Я хожу сегодня целый день взволнованная, возрожденная и смущенная. О, милые мои люди! А мне – чем благодарить вас за это признание?! Только бы не обманывать, только бы не обмануть вас в дальнейшем – и найти в себе силы сказать вам о вас самих самое жгучее, самое сокровенное, самое окрыляющее. И я согласна ради этого вновь пухнуть и бродить в темноте, и ежиться от близких разрывов и стоклятого свиста бомб. Господи, они мне клянутся, что "скоро победный бой"! Я помню, когда я читала Коле письмо одной дружинницы у Будилкиной – "клянемся, тов. Будилкина, Вам и правительству, что ничего не устрашимся", – он сказал – "вот это авторитет…" И вот – и мне написали так незнакомые люди. И еще письма – от моряков, – "эту поэму должен знать каждый грамотный человек в СССР", и от какого-то комиссара, – "мы взяли ее на вооружение", и рассказ Ёськи Горина о том, как какой-то командир, отыскивая список поэмы, предлагал за нее ХЛЕБ, и сегодняшний подарок от дивизионной газеты, где редактором – муж Галки, Соркин, но политрук, принесший этот хлеб, консервы и сахар, сказал, что "это от всех нас", – как все это драгоценно мне, – сказать не могу.

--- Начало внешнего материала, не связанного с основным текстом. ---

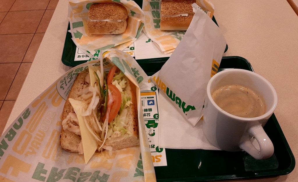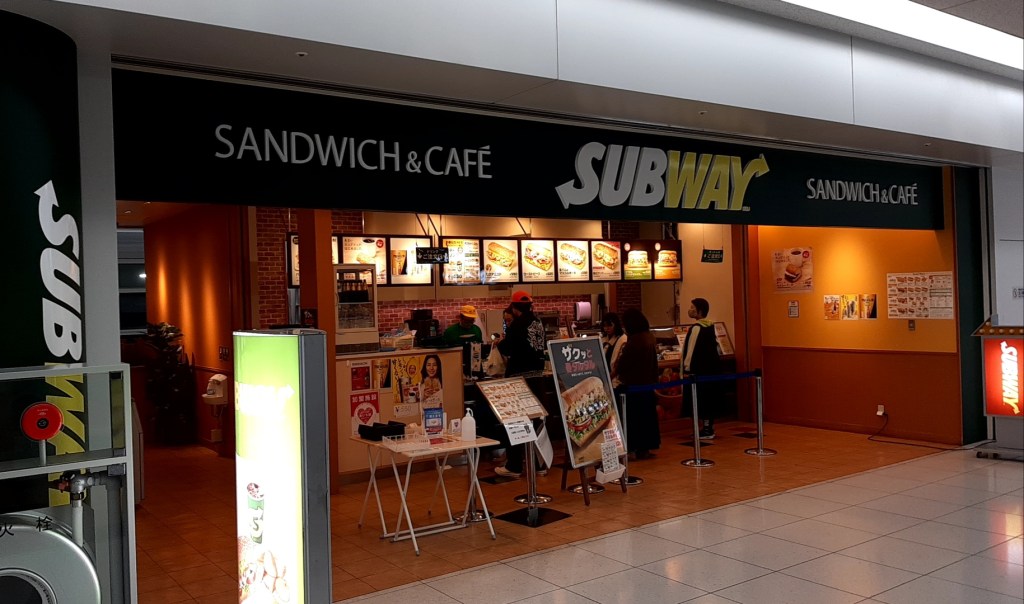 20:35の定刻に着きましたが、食事ができる所がほとんどありません。2階到着フロアにあるSUBWAYが唯一21:30オーダーストップの神対応なお店でした。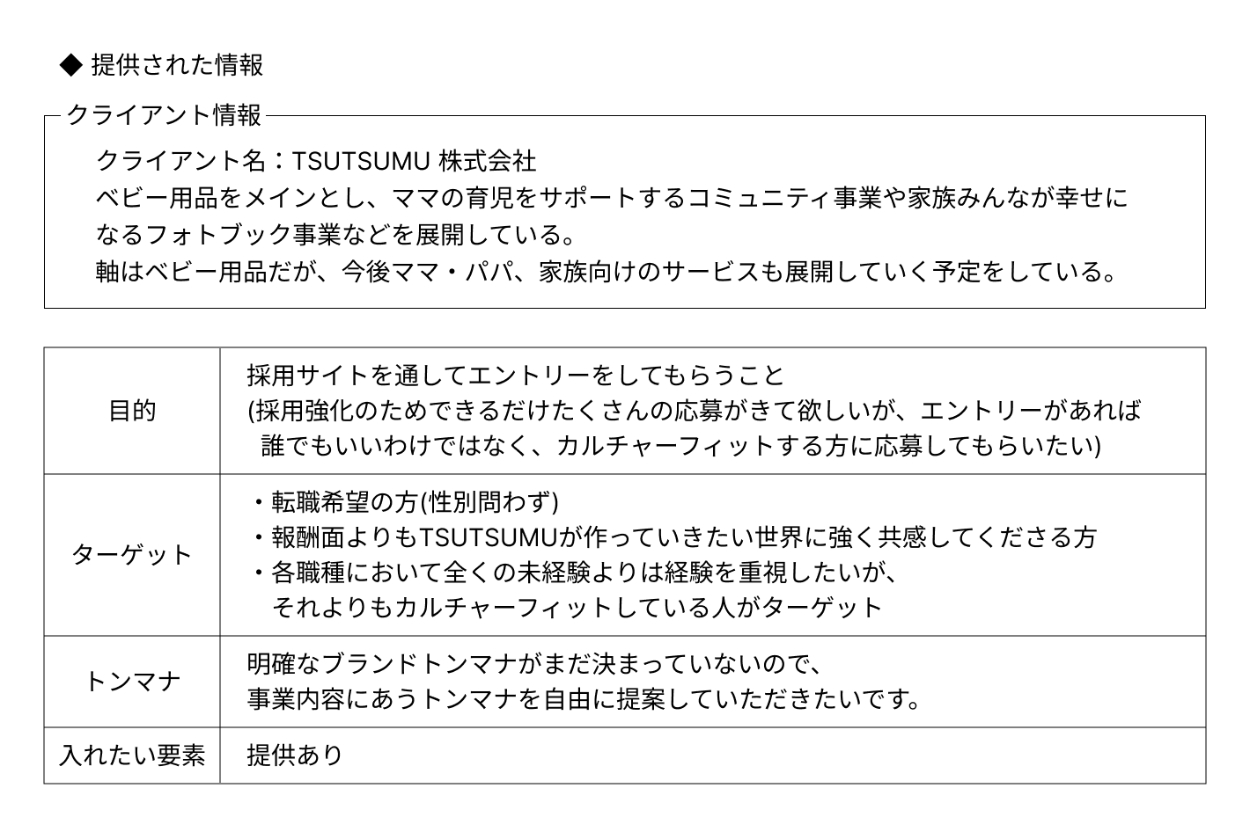 提供された課題要件を自分なりに噛み砕き、目的とターゲットを設定しました。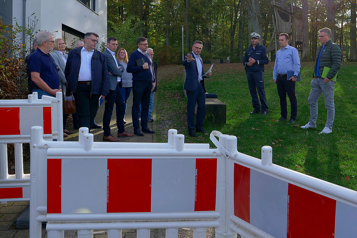 Oberbürgermeister Peter Boch setzt den Dialog mit den Anwohnerinnen und Anwohnern im Tiergarten fort. Nachdem sich der Rathauschef bereits am vergangenen Montag gemeinsam mit der Polizei und den zuständigen Fachämtern zu einem Vor-Ort-Termin an der Stelle getroffen hatte, an der ein sieben-jähriger Junge bei einem tragischen Unfall ums Leben gekommen war, konnten bereits unmittelbar danach erste Gespräche mit Anwohnern geführt werden. Zudem wurde als provisorische Maßnahme am Ausgang des Weges, der auf die Straße führt, ein sogenannter Z-Übergang angebracht. Dabei handelt es sich um zwei in Z-Form versetzte Querabsperrungen aus Kunststoffbauzäunen.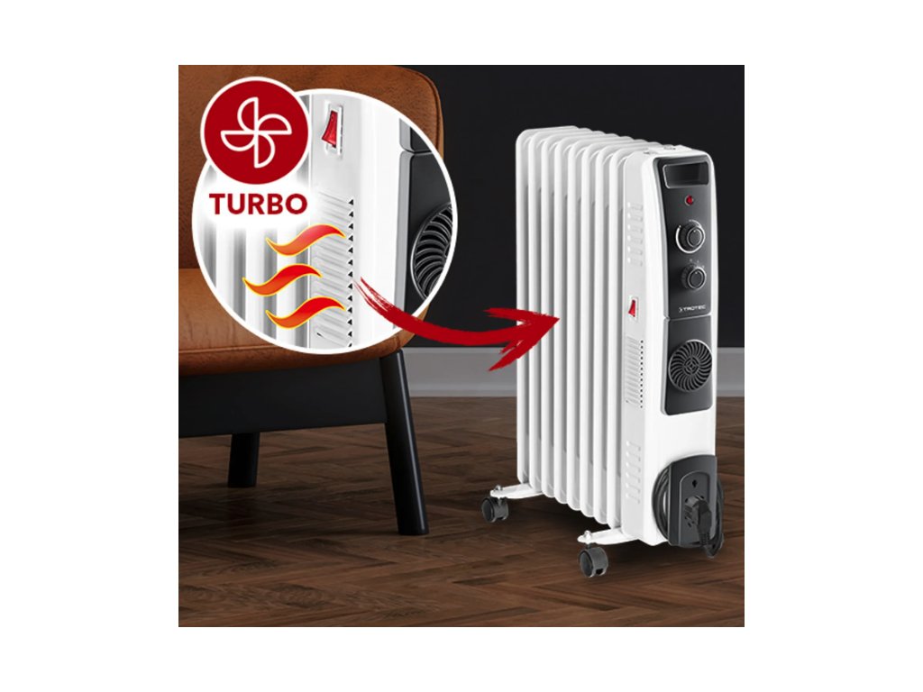 Besonders schnell warm wird es mit der zusätzlichen Turbogebläse-Unterstützung des Heizgerätes. Da Ölradiatoren im Vergleich zu Heizlüftern bei der Inbetriebnahme ca. 8 bis 10 Minuten benötigen, bis sie die volle Wärmeleistung abgeben, verfügt das Gerät TRH 22 E über ein keramisches PTC-Heizelement mit Turboventilator, das den Raum vorab in Windeseile erwärmt. So können Sie bereits warme Luft genießen, bevor der Radiator seine volle Heizleistung entfaltet.

И еще письма о "Февральском дневнике" – от О. Хузе, от Аньки Рубин, – письма из глубокого тыла, полные волнения и восторга, и письмо к А. Крону, где пишут, что "Февр. дневник" исполняет в Сибири Алиса Коонен и артисты Александринки – с громадным успехом. И т. д. и т. д.

Что же это – слава? Да, похоже, что слава, во всяком случае – народное признание. Меня знают в Ленинграде почти всюду. Недавно выступала в большом госпитале, – а там у комсостава в списках "Дневник", давно известный им… Из московского райкома мне звонят – "т. Берггольц, мы приглашаем вас и других знатных женщин"… А у меня – ни ордена, ни лауреатства, ни прессы! Я ни на минуту в стихах не потрафляла начальству, не подделывалась под народ, не снижала мысли. Известность пришла ко мне не через Союз, не через печать обо мне, в труднейшее время, когда человек необычайно чуток на ложь, известность пришла суровая, заработанная только честным трудом, только сердцем – открытым, правдивым, – я ни в чем не лгала себе. Даже Маханов сказал: "Какое вы хорошее имя себе заработали", – да, это так. Самое главное в этом хорошем имени можно сформулировать так: "Она пишет правду".

О, мне сейчас будет очень трудно – мне надо очень беречь это имя и писать так, чтоб не приносить разочарований моим читателям.

Я искренне и непосредственно рада этим письмам, хотя знаю, что – "восторженных похвал пройдет минутный шум", – и все, следующее за этим. Пусть хватит сил до конца войны! А там – неважно… Признания начальства – тоже неважно. Хлеб за поэму и "клянемся Вам, поэт-товарищ" – больше и реальней любого ордена. Ночь, снова гул и шум нашей артиллерии. О, если б Коля, любимейший, чудесный мой Коля – знал и видел все это! Боже мой! Ведь если верно, что в послеянварских стихах появилась и особая мускулативность, и сжатость, и глубина стиха при скупости и даже скудости слов – то ведь главная-то причина этому – его гибель…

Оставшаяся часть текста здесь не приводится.